You could write a character-by-character accumulation loop that (a) pushes field strings onto an array when it encounters commas and (b) calls a function to save accumulated field strings to a mysql database when it finds the record signifier:
while($c = fgetc($fp)) {
if($c == ',') {
$fields[] = implode(null,$accumulator);
$accumulator = array();
} else if($c == '\\') {
save_fields_to_mysql($fields);
$fields = array();
$accumulator = array();
} else
$accumulator[] = $c;
}
This will probably work for you if you're certain that your fields never contain your field or record separators as data.
If that's a possibility, you'll need to come up with an escape sequence to represent literal values of your field and record separator (and probably your escape sequence as well). Let's say that this is the case, and assume the % sign as an escape character:
define('ESCAPED',1);
define('NORMAL',0);
$readState = NORMAL;
while($c = fgetc($fp)) {
if($readState == ESCAPED) {
$accumulator[] = $c;
$readState = NORMAL;
} else if($c == '%') {
$readState = ESCAPED;
} else if($c == ',') {
$fields[] = implode(null,$accumulator);
$accumulator = array();
} else if($c == '\\') {
save_fields_to_mysql($fields);
$fields = array();
$accumulator = array();
} else
$accumulator[] = $c;
}
ie, any occurance of a % sets a state variable which indicates on the next pass through the loop, whatever character we read will be taken as literal data which is part of a field rather than a signifier.
This should keep your memory usage at a minimum.
[Update] What about I/O efficiency?
One commenter correctly pointed out that this illustration is pretty I/O intensive, and since I/O tends to be the most costly operation in terms of time, it's entirely possible it wouldn't be an acceptable solution.
At one other end of the spectrum we have the option of buffering the entire file into memory, which includes the original memory-intensive solutions the Asker mentioned but wanted to avoid. The happy medium probably lies somewhere in the middle: we can use the read-limit you can pass as the second argument to fgets()
to pull in a somewhat large (but not ridiculously large) number of characters in a single I/O gulp, and then process that buffer character-by-character instead of the I/O stream, refilling it when we burn through the buffer.
This does make the read process a little more code intensive than $c = fgetc($fp)

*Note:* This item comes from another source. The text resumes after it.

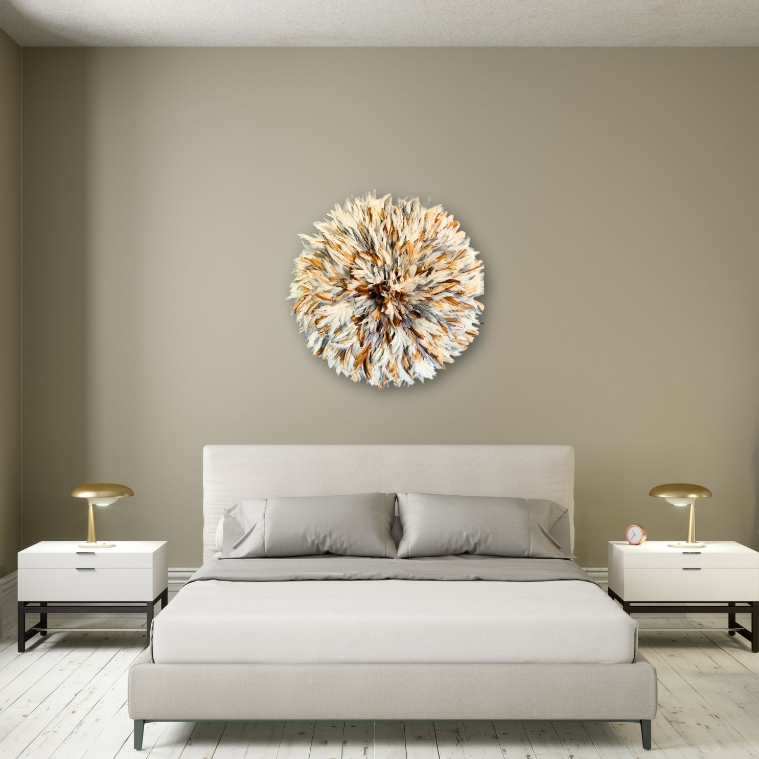 This juju hat blends white, soft grey and sandy beige feathers in a delicate harmony that evokes calm and serenity. Its natural gradient mirrors mineral textures and gentle light, making it ideal for wabi-sabi, Scandinavian, or nature-inspired interiors. A tribute to balance, understated elegance, and the raw beauty of earth tones. The authentic juju hat represents PROSPERITY and ABUNDANCE. It’s believed to bring positive energy, wealth, and success into any home or business.

, though, because you have to monitor where you are in the buffer and how full the buffer is as well as where you are in the file. You can do this with a series of flags and index variables inside the read loop if you want, but it might be more convenient to have an abstraction something like this:
class StrBufferedChrReader {
private $_filename;
private $_fp;
private $_bufferIdx;
private $_bufferMax = 2048;
private $_buffer;
function __construct($filename=null,$bufferMax=null) {
if($bufferMax) $this->_bufferMax = $bufferMax;
if($filename) $this->open($filename);
}
function _refillBuffer() {
if($this->_fp) {
$this->_buffer = fgets($this->_fp,$this->_bufferMax + 1);
$this->_bufferIdx = 0;
return $this->_buffer;
}
return false;
}
function open($filename=null) {
if($filename) $this->_filename = $filename;
if($this->_fp = fopen($this->_filename))
$this->_refillBuffer();
return $this->_fp;
}
function getc() {
if($this->_bufferIdx == $this->_bufferMax)
if(!$this->_refillBuffer())
return false;
return $this->_buffer[$this->_bufferIdx++];
}
function close() {
$this->_buffer = null;
$this->_bufferIdx = null;
return fclose($this->_fp);
}
}
Which you could use in either loop above like so:
$r = new StrBufferedChrReader($filename,$bufferSize);
while($c = $r->getc()) {
...
Something like this allows you to stake out a lot of different spots along the continuum between a memory-intensive solution and an I/O intensive solution by changing $bufferSize. Bigger $bufferSize, more memory usage, fewer I/O ops. Smaller $bufferSize, less memory usage, more I/O ops.
(Note: don't assume that class is production-ready. It's meant as an illustration of a possible abstraction, may contain off-by-one or other errors. May cause blurred vision, lack of sleep, heart palpitations, or other side effects. Check with a doctor and unit testing before using.)